Problem: Consular appointments require passport validity extending through the visa period plus a margin. A passport expiring during residency will prevent visa issuance or create complications mid-training.
Mitigation: Check your passport expiration date on Match Day. If expiration is within two to three years, initiate renewal immediately. Passport renewal timelines are unpredictable and can extend to many months without expedite service.

State Medical License Not Ready by July 1

Problem: The state licensing process takes longer than anticipated, credentialing cannot complete without it, and the resident cannot see patients on July 1.
Mitigation: Apply to the state board on the earliest possible date. Submit a complete, error-free application—incomplete applications are returned and restart the clock. Contact the board proactively to confirm receipt and ask whether your file is complete. If your program's state allows training permits, apply for one simultaneously as a bridge.

ECFMG Certification Hold

Problem: An unresolved documentation issue, name discrepancy, or pending verification hold at ECFMG delays J-1 DS-2019 issuance and hospital credentialing.
Mitigation: Log into OASIS and confirm certification status immediately post-Match. If there is any flag, call ECFMG applicant services, document the call, and follow up weekly in writing until resolved.

Consular Appointment Delays

Problem: US consular appointment availability varies dramatically by location. Some posts have wait times of months; scheduling late leaves no buffer for visa denial, administrative processing holds, or document corrections.
Mitigation: Schedule your consular appointment as soon as you have the DS-2019 in hand. Do not wait until credentialing or licensing is resolved—those processes run in parallel. If your home country post has very long waits, investigate whether you are eligible to apply at a third-country post (this requires specific eligibility criteria; verify with the State Department).

Missing or Unavailable Medical School Records

Problem: Your medical school is slow to respond to verification requests from US institutions, or records are held pending payment of graduation fees, outstanding library books, or administrative holds.
Mitigation: Contact your medical school's registrar immediately after Match Day.
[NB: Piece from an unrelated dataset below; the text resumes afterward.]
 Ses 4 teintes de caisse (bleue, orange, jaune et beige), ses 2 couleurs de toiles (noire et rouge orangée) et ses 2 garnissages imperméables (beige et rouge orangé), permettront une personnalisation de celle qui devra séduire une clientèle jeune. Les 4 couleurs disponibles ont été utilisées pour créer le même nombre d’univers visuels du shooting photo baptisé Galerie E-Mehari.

Confirm that no holds exist on your record, request that verification requests be responded to promptly, and ask for a direct contact name at the registrar's office to provide to your program and state board.
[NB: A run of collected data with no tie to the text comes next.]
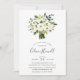 Elegant floral baby shower invitations feature a bouquet of watercolor white roses and peonies with lush green botanical foliage and leaves. Personalise with your baby shower details beneath in a chic mix of block, serif and calligraphy typefaces.
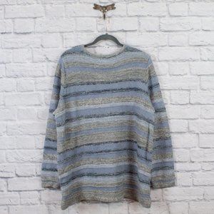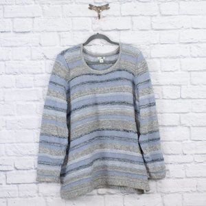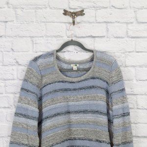 LL BEAN Rolled Hem Striped Cotton Knit Sweater 3X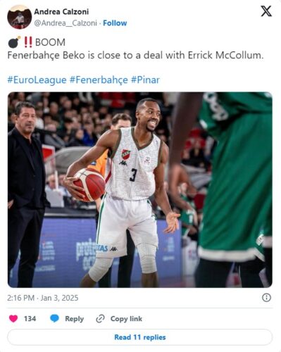 Ono što je iznenađenje jeste informacija koja se pojavila, da je trener Šarunas Jasikevičijus zainteresovan za angažovanje legende Evrokupa i veterana od 36 godina. Reč je o igraču Karšijake, Eriku Mekalumu, koji je nekoliko puta nastupao u Evroligi.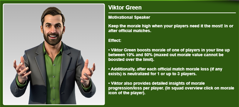 The Team Psychologist encourages your team in matches, in case of an impending defeat or after a defeat.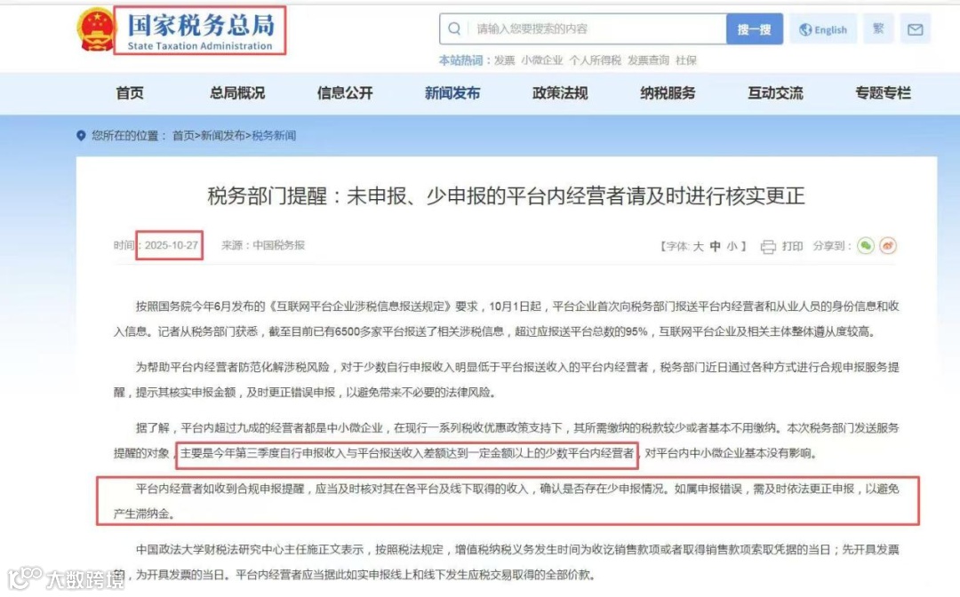 实际上,情况并非如此。有业内人士指出,当卖家自行申报的收入明显低于平台向税务机关报送的金额时,税务部门会发出此类通知,旨在提醒卖家核对数据并自查修正。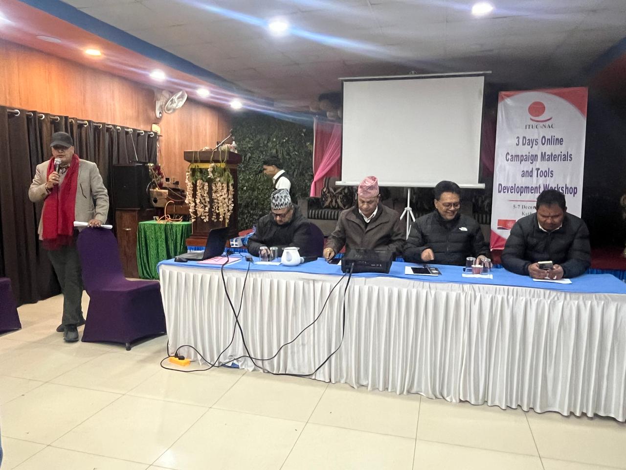 काठमाडौं । न्यायोचित रुपान्तरणको विषयमा अनलाइन माध्यम मार्फत अभियान सञ्चालनका लागि सामग्री निर्माण सम्वन्धी सीप विकास कार्यशाला सम्पन्न भएको छ । अन्तराष्ट्रिय ट्रेड यूनियन महासंघ, नेपाल आवद्ध समिति (आईटीयूसी न्याक) द्धारा आयोजित सो कार्यशाला तीन दिनसम्म सञ्चालन भएको थियो ।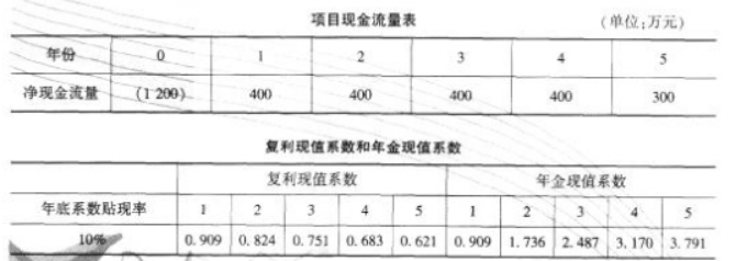 某公司正考虑建设一个新项目。根据市场调查和财务部门测算,项目周期为5年,项目现金流量已估算完毕,公司选择的贴现率为10%,具体数据参见下表项目现金流量表及现值系数表。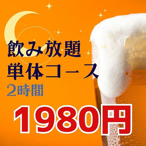 | 飲み放題 | あり :飲み放題単体コースは1980円からご用意! |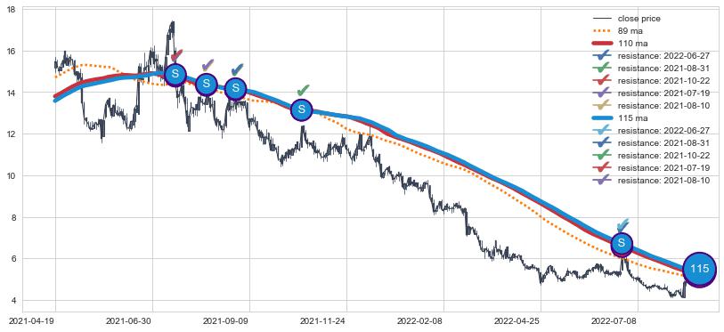 下跌趋势2021-04-19-2022-08-12,均线115, 110确认关键阻力5处

No US Bank Account or Credit History

Problem: Landlords decline applications without US credit history; payroll requires a US bank account for direct deposit; setting up utilities requires a deposit or credit check.
Mitigation: Open a US bank account as soon as you enter the country with your visa. Some major banks with international operations allow non-resident account opening or simplified IMG resident account setup. An ITIN (Individual Taxpayer Identification Number) can substitute for an SSN in some banking contexts while your SSN application is pending—verify current bank-specific requirements directly. Bring documentation of your residency employment (offer letter, contract) to every financial institution you approach.

I-9 Document Availability

Problem: The I-9 employment eligibility verification requires specific original documents in person on or before your first day of work. Presenting copies or unavailable documents delays your start date legally.
Mitigation: Review the USCIS List of Acceptable Documents for I-9 purposes before your start date. Ensure your passport and visa documentation are accessible and not in transit (e.g., in return mail from a consulate). If your visa stamp is still pending on July 1, discuss with your program HR and immigration attorney—there are specific circumstances where work can legally begin with a receipt notice or other documentation, but this is fact-specific.

DEA Application After License Receipt

Problem: Residents in prescribing specialties wait until after orientation week to apply for their DEA number, then cannot prescribe controlled substances for weeks into training.
Mitigation: Apply for DEA registration on the day you receive your state license or training permit. Do not defer.